Да, собственно, старость, близость смерти освобождают нас от сего принципа: «О мертвых или хорошо, или ничего». Ведь скоро и мы сами окажемся в их числе! Не стоит говорить обиняками, коль времени у нас в обрез. Тут уж не до учтивости, успеть бы выложить главное. Итак, карты на стол: правду, и только правду, обо всех, и о мертвых тоже. Они такие же люди! Призовем их к закону и порядку, потому как те же права и нормы будут применены и к нам.
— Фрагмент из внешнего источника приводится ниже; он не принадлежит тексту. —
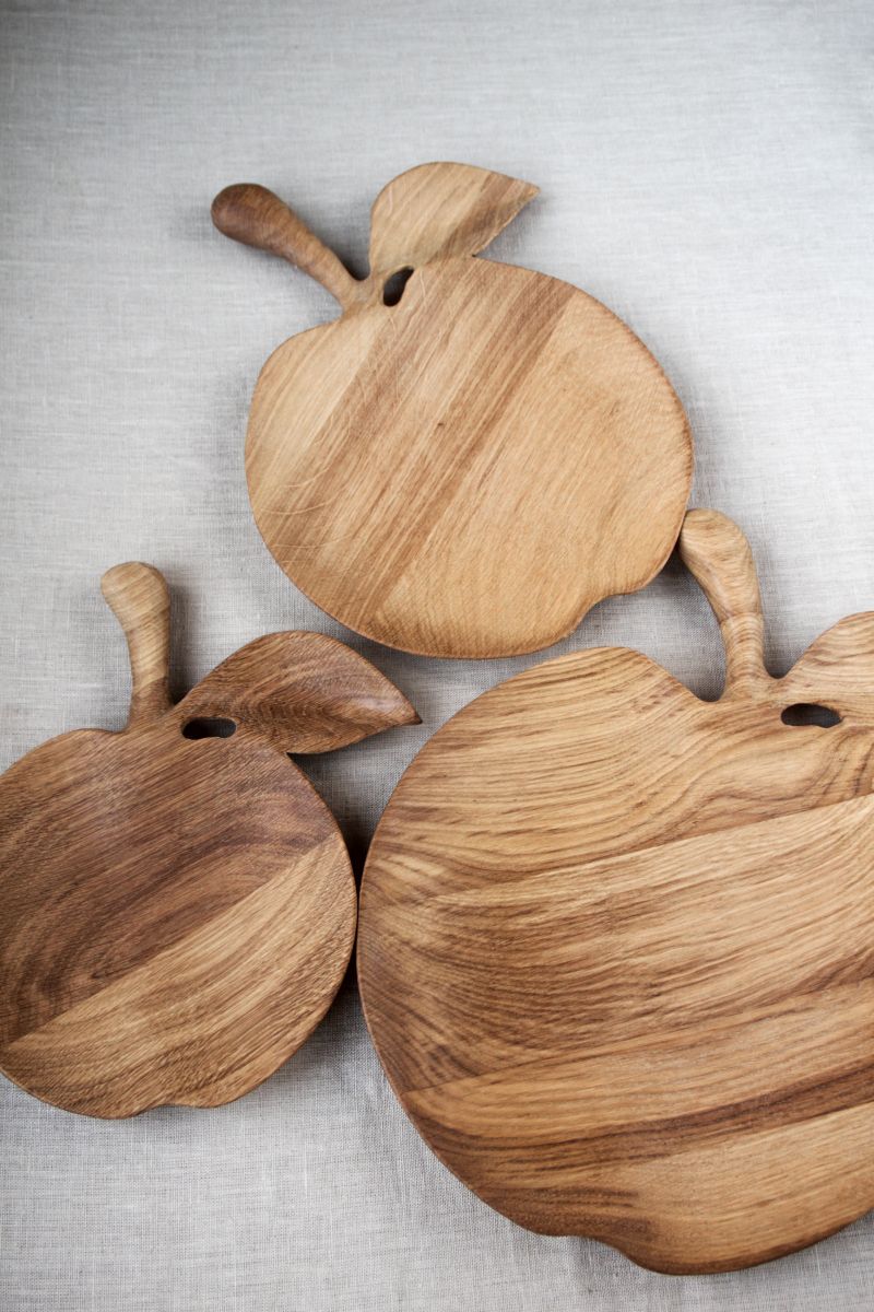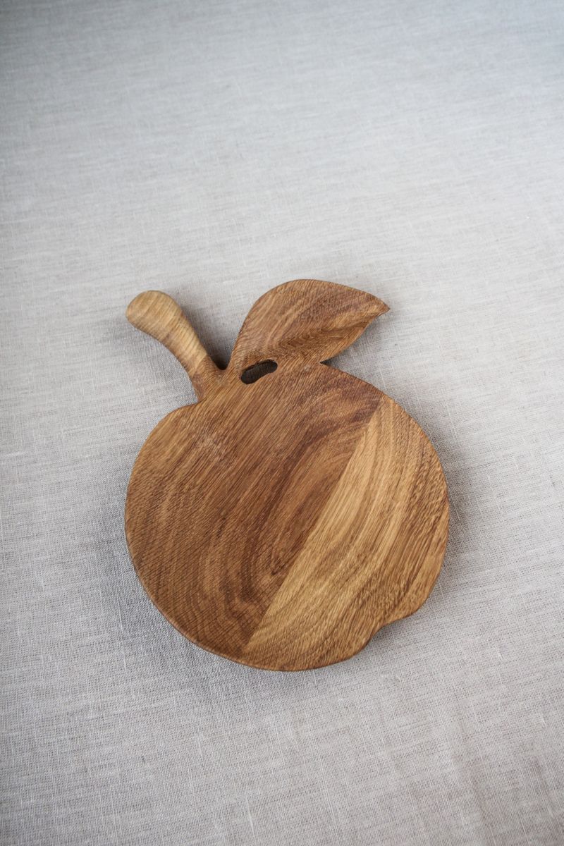 Небольшое деревянное блюдо Яблоко для сервировки, из дуба. Легкое и изящное, округлая удобная ручка. Покрытие масло и воск, подходит для горячего. Посмотрите побольше

В молодости я был потрясен словами Андре Жида, который в тот момент, когда Катюль Мендес[18] еще лежал на катафалке, предлагал вместе с покойником в той же могиле захоронить и его писания. «Вы дали пощечину мертвому?» — так называлась статья Арагона, где он призывал современников отдать последний долг Анатолю Франсу при его погребении.
Со всей строгостью взыскивать с мертвых, хотя бы и усопших не далее как вчера, — теперь я воспринимаю этот постулат отнюдь не как кощунство, а как неукоснительное требование. Как спешное и не терпящее отлагательств дело. Не желаю я попадать через разверстые для каждого из нас врата — через зияние могилы — на барахолку по распродаже душ. Нет и нет: я не желаю начинать сначала. Не желаю протягивать руку почившим в бозе — ни Х., ни Х. Х. Живущим я прощаю многое, мое прощение им может пойти впрок. Мертвым же это явно безразлично, но мне — нет, мне они не безразличны даже после смерти. И, обратись во прах, песчинкой малой я не хочу соседствовать с Х. и с Х. Х., прошу меня не путать с ними. Не для того я выстрадал свою судьбу. Не для того страдал от них при жизни.
ONE OF THE GREAT OLD MEN[19]
Престарелый писатель — за долгие десятилетия вполне сформировавшийся в посредственность — предупредительно провел меня по своим апартаментам и впустил в ту овальной формы комнату, где он хранил свои отжившие, но в известном смысле «оставившие след» произведения. На идеально отполированных и сверкающих лаком книжных полках из тисового дерева и кедра его творения заняли целый ряд: роскошно изданные, отливающие позолотой.